HTTP Flashcards
What does HTTP stand for?
Hyper Text Transfer Protocol.
What is the default port of HTTP?
80
What is HTTP?
Stateless protocol that defines how messages are formatted and transmitted, and what actions servers and clients should take in response to various commands.
What are 4 basic aspects of HTTP?
- Simple: simple and human readable.
- Extensible: through use of headers.
- Stateless (but not session-less): no limit between requests being carried with same connection. HTTP cookies allow for stateful sessions.
- Connections: Most commonly relies upon connection based TCP.
What are the three pillars of HTTP communication?
- URL structure.
- Verbs.
- Status codes.
What are the three basic components of HTTP based systems.
- Client
- Web server
- Proxies
What is the client component of an HTTP based system?
The “User-agent”. Any tool that acts on behalf of a user (browser, phone). Always initiates the request.
What is the web-server component of an HTTP based system?
The server which handles the request of the client.
What is the proxy component of HTTP based systems?
Machines operating at the application layer that relay HTTP messages.

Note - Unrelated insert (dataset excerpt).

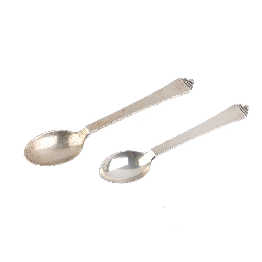 GEORG JENSON - two silver spoons. Each designed as a

Functions include: 1. caching 2. filtering 3. load balancing 4. authentication 5. logging
What are the layers for HTTP?
HTTP, TCP, IP
What are the layers for HTTPS?
HTTP, SSL or TLS, TCP, IP
What made up http 1.0?
- Building extensibility.
- Versioning info sent with each request.

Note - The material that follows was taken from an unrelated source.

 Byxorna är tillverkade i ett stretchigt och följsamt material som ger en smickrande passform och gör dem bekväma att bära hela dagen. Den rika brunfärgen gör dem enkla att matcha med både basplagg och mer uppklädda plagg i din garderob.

- Status code sent in response.
- HTTP headers introduced.
- Transmission of more than HTML.
What made up HTTP 1.1?
- Standardized protocol.
- Connection reuse.
- Pipelining: 2nd req made before 1st received.
- Support for chunked responses.
- Additional cache-control mechanisms.
- Content negotiation between endpoints.
- Server collocation.
What makes up HTTP 2?
- Greater performance.
- Binary protocol: cannot be read/created manually.
- Multiplexed: Parallel requests mad over the same connection.
- Compressed headers: removes duplication.
- Allows server to populate data in client cache in advance of being required.
What can be controlled by HTTP?
- Cache
- Relaxing origin constraint
- Authentication
- Proxy and tunneling
- Sessions
What is the process for two endpoints for request and response?
CLIENT- resolve IP address from host name w/ DNS lookup.
CLIENT- establish connection with server.
CLIENT- send request to server.
CLIENT- wait for response.
SERVER- process request, send response.
CLIENT- receive response.
CLIENT- close connection.
What is HTTP flow from client perspective?
- Connect to server via TCP.
- Send HTTP message to server.
- Read response from server.
- Close or reuse connection for more requests.